TL;DR: If your iMessage agent marks its own sends with a zero-width joiner (U+200D) and uses
str.isprintable()to walk decodedattributedBodyblobs — those two choices cancel each other out. The fix is a one-line whitelist. The lesson is deeper than that.
The Setup
I built a Python poller that reads ~/Library/Messages/chat.db (Apple's iMessage database) and lets Apollo — my AI agent — send and receive iMessages autonomously.
One design decision felt really clever at the time: prefix every outbound message Apollo sends with a zero-width joiner (U+200D, ZWJ). Invisible to any human reading it. And the poller could check for it and skip the message — because that row came from Apollo, not a real human. Clean, simple self-filtering.
I was proud of that.
The Wall
Apollo started looping.
Every message it sent, it replied to. Then replied to that reply. Then replied to THAT reply. I killed the process and sat there staring at my phone.

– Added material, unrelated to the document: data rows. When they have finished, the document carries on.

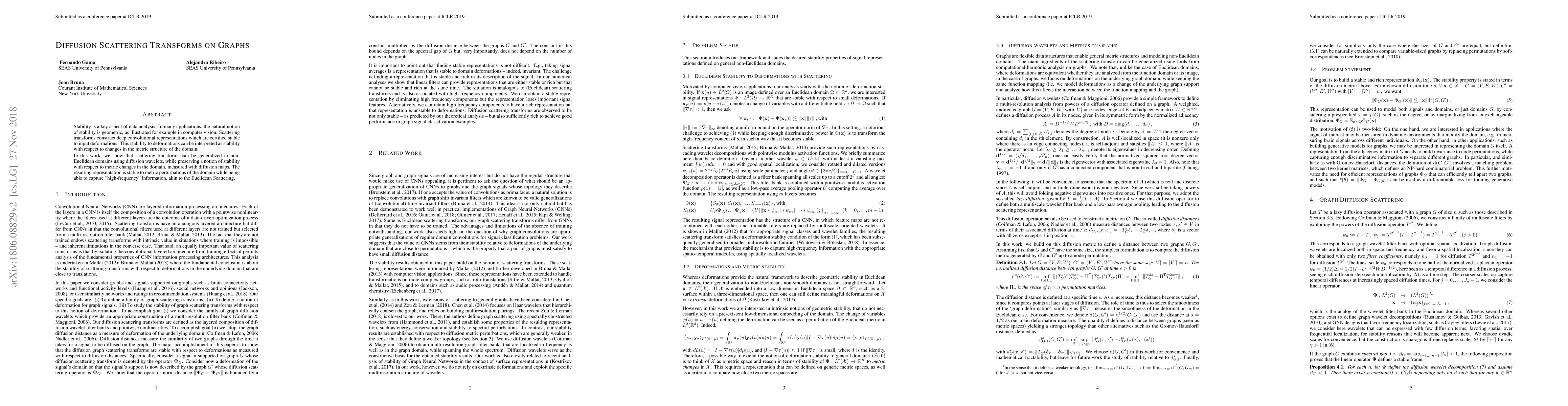 Stability is a key aspect of data analysis. In many applications, the natural notion of stability is geometric, as illustrated for example in computer vision. Scattering transforms construct deep convolutional representations which are certified stable to input deformations. This stability to deformations can be interpreted as stability with respect to changes in the metric structure of the domain. In this work, we show that scattering transforms can be generalized to non-Euclidean domains using diffusion wavelets, while preserving a notion of stability with respect to metric changes in the domain, measured with diffusion maps. The resulting representation is stable to metric perturbations of the domain while being able to capture "high-frequency" information, akin to the Euclidean Scattering.
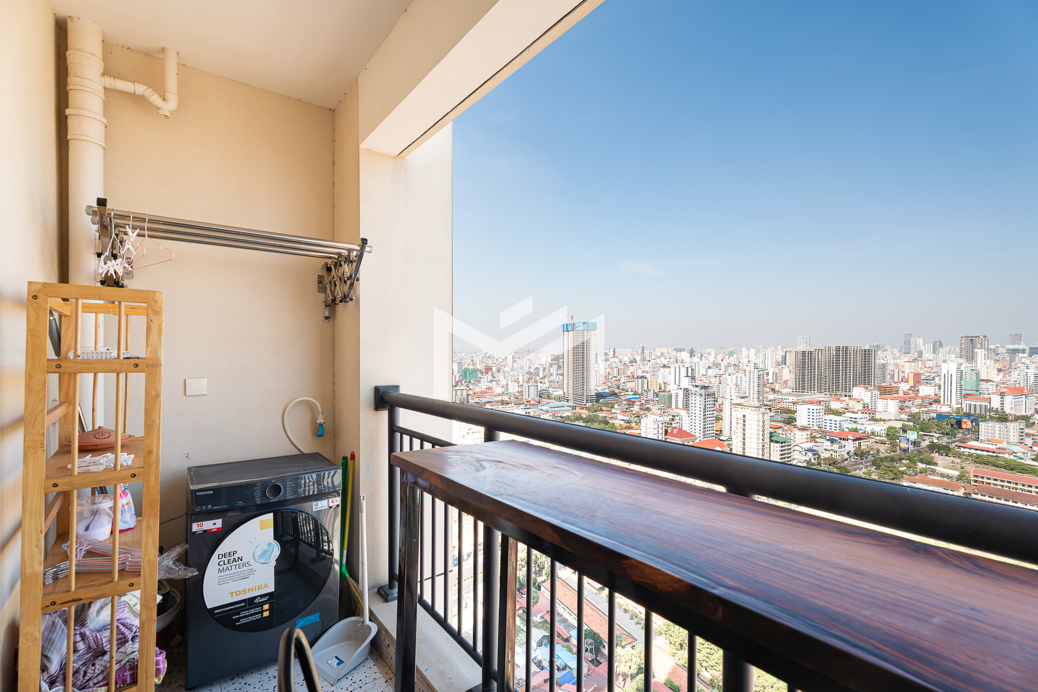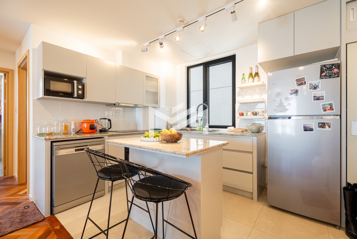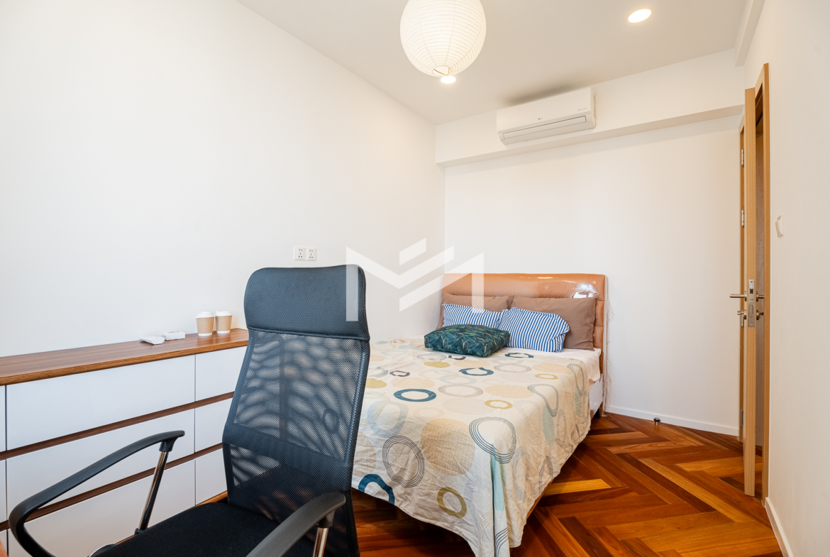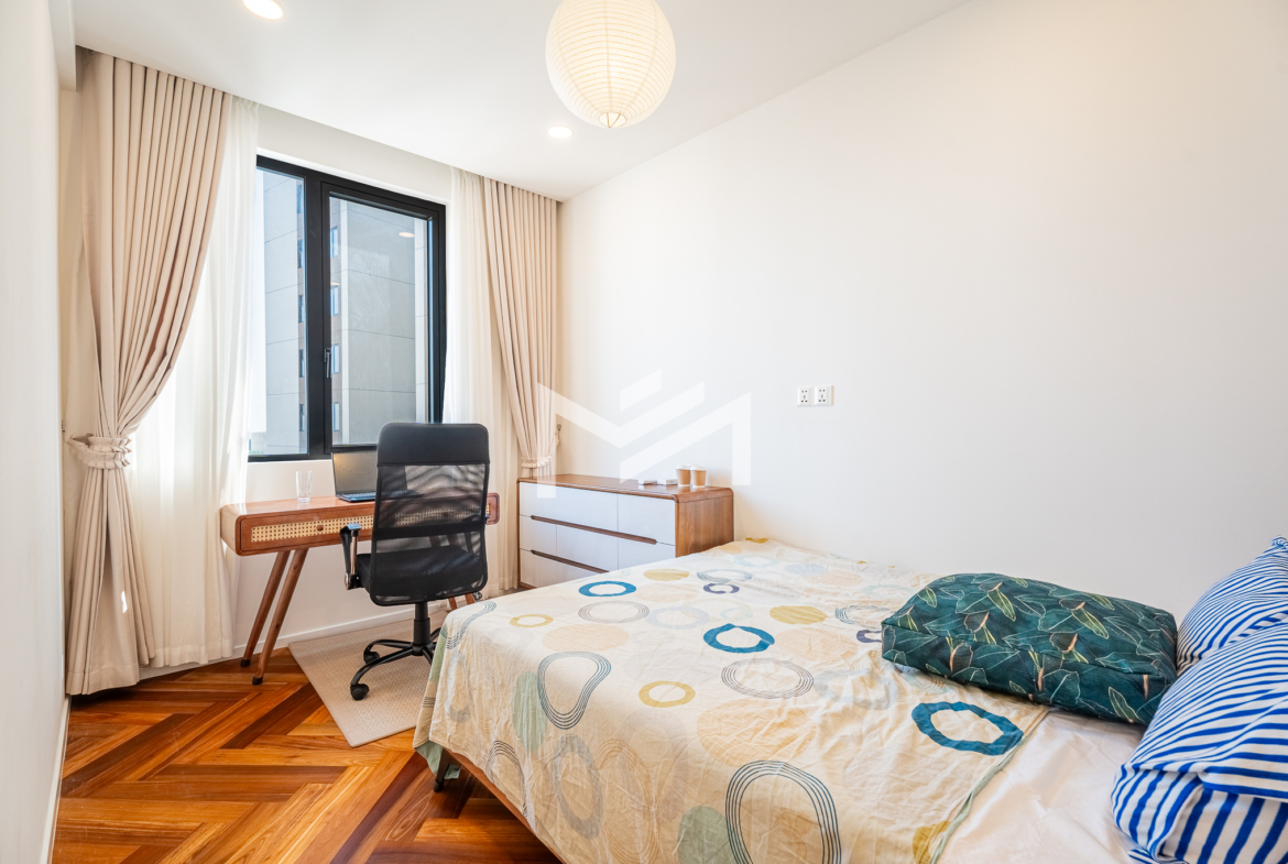 Well-designed and cozy 2-bedroom unit featuring elegant Korean wood flooring and a modern western kitchen equipped with a built-in oven and dishwasher. The unit offers large-capacity ceiling air-conditioning, a balcony off the living room fitted with a washing machine and clothes rack, and ample built-in storage throughout. Fully furnished and ready to move in, ideal for long-term living. Situated on a high floor with excellent open views, residents enjoy premium amenities including a gym, swimming pool, jogging area, and a green, well-planned community. Conveniently located south of BKK1, just a 5-minute drive, offering both tranquility and easy access to city conveniences. A brand-new unit with great views, a pleasant green environment, and an affordable price point—an excellent option for comfortable short or long-term residence.
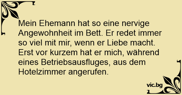Mein Ehemann hat so eine nervige Angewohnheit im Bett. Er redet immer so viel mit mir, wenn er Liebe macht.
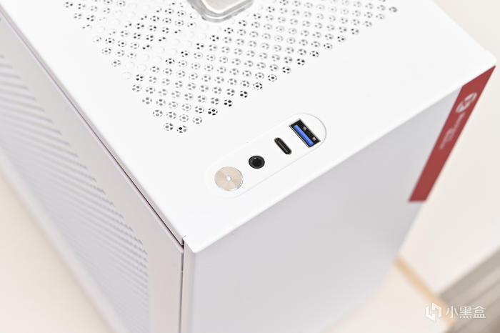 前面板 I/O 接口在左下角,從左到右分別爲:1x 鋁合金材質機箱開關(內置白色 LED 指示燈)、1x 3.5mm 音頻複合接口、1x 10G USB Type-C、1x USB3.0 TypeA。
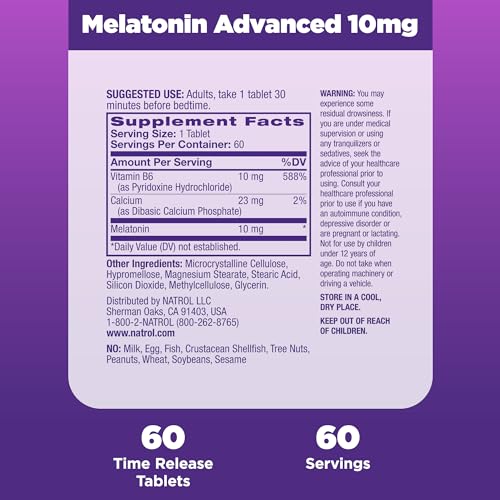 Specification: Natrol Sleep Advanced Melatonin Time Release Tablets, Nighttime Sleep Aid, 10mg, 60 Count

The incoming message thread looked completely normal. But internally, the bridge was losing its mind.
What I Tried (That Didn't Work)
On macOS Ventura+, message.text is often NULL. The real content lives in message.attributedBody — an NSArchiver typedstream blob (a legacy binary serialization format Apple has used for decades) that you have to decode yourself.
My decoder found the NSString marker in the blob, skipped the 5-byte typedstream header, read the length byte, then walked forward consuming UTF-8 characters until it hit a non-printable codepoint. Standard practice. Stop at the junk.
I patched the main decoder path. Still looped.
Turns out there's also a fallback path — when the precise header scan fails, the decoder scans for the longest printable run in the whole blob. That path had the exact same isprintable() check. Same bug, different branch. I patched one and left the other live.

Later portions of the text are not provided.